## [The records]
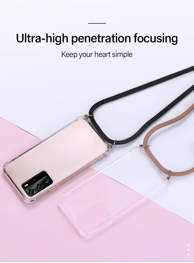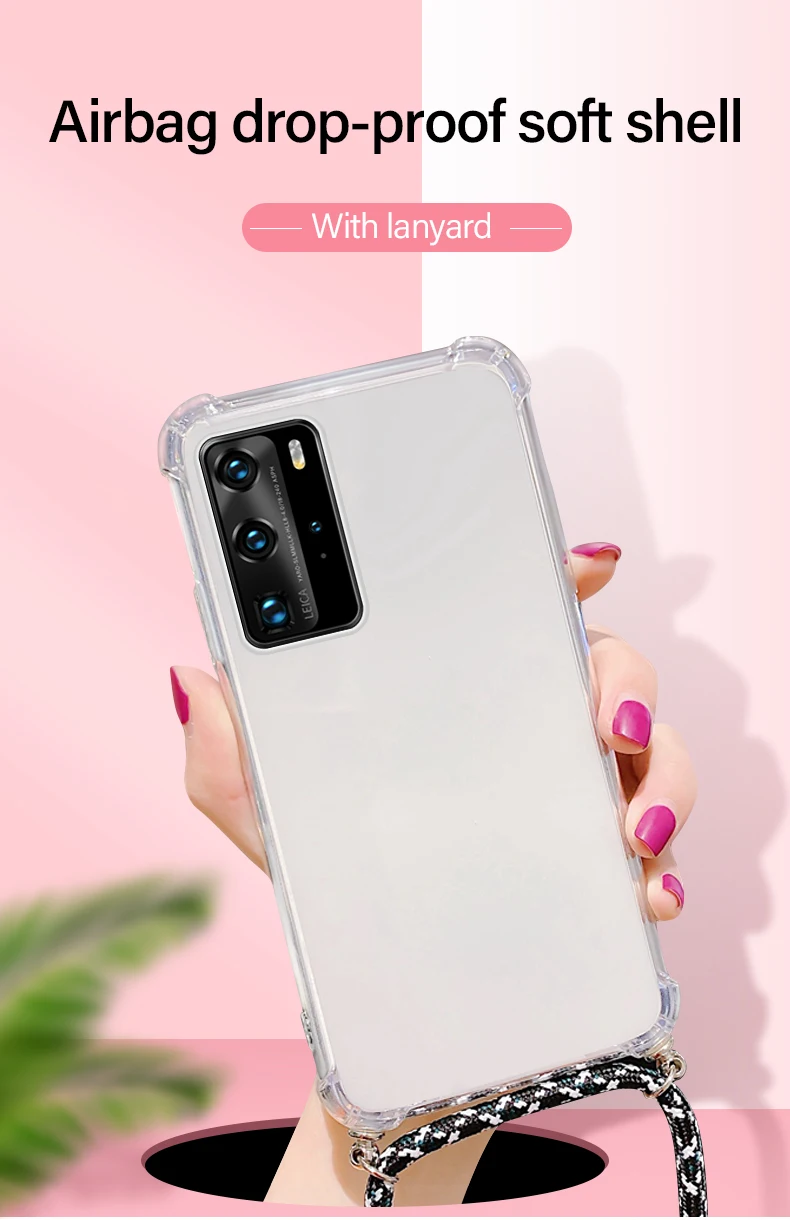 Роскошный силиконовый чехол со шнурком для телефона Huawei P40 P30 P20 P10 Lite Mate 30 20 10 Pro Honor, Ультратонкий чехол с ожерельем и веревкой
==
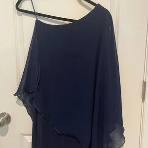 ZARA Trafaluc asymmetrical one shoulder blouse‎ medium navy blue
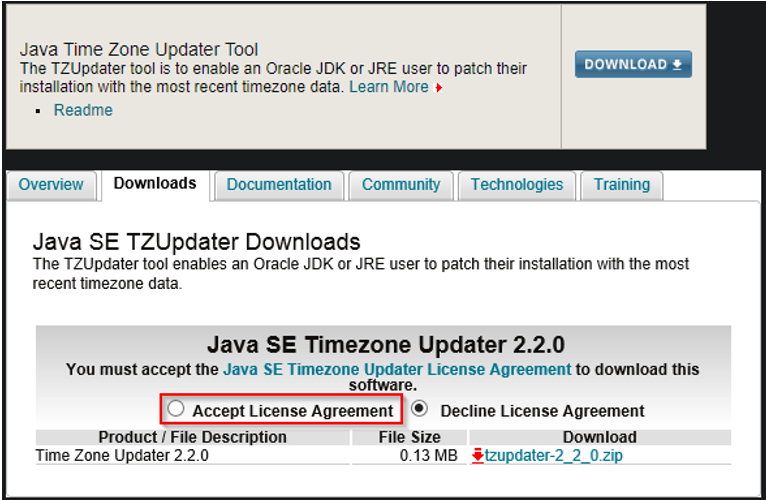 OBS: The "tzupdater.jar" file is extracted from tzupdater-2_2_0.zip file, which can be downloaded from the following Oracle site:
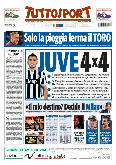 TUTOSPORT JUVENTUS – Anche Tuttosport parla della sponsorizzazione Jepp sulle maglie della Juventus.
...
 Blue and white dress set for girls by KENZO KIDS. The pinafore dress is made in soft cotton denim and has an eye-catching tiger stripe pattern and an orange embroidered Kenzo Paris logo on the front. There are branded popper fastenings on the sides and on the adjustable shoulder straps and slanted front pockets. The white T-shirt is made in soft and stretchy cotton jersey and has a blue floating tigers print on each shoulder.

## [Task]
In the material above, which lines fall between the one holding "ZARA Trafaluc asymmetrical" and the one holding "TUTOSPORT JUVENTUS –", inclusive? Print exactly those, with the pictures left out.

## [Exercise solution]
 ZARA Trafaluc asymmetrical one shoulder blouse‎ medium navy blue
 OBS: The "tzupdater.jar" file is extracted from tzupdater-2_2_0.zip file, which can be downloaded from the following Oracle site:
 TUTOSPORT JUVENTUS – Anche Tuttosport parla della sponsorizzazione Jepp sulle maglie della Juventus.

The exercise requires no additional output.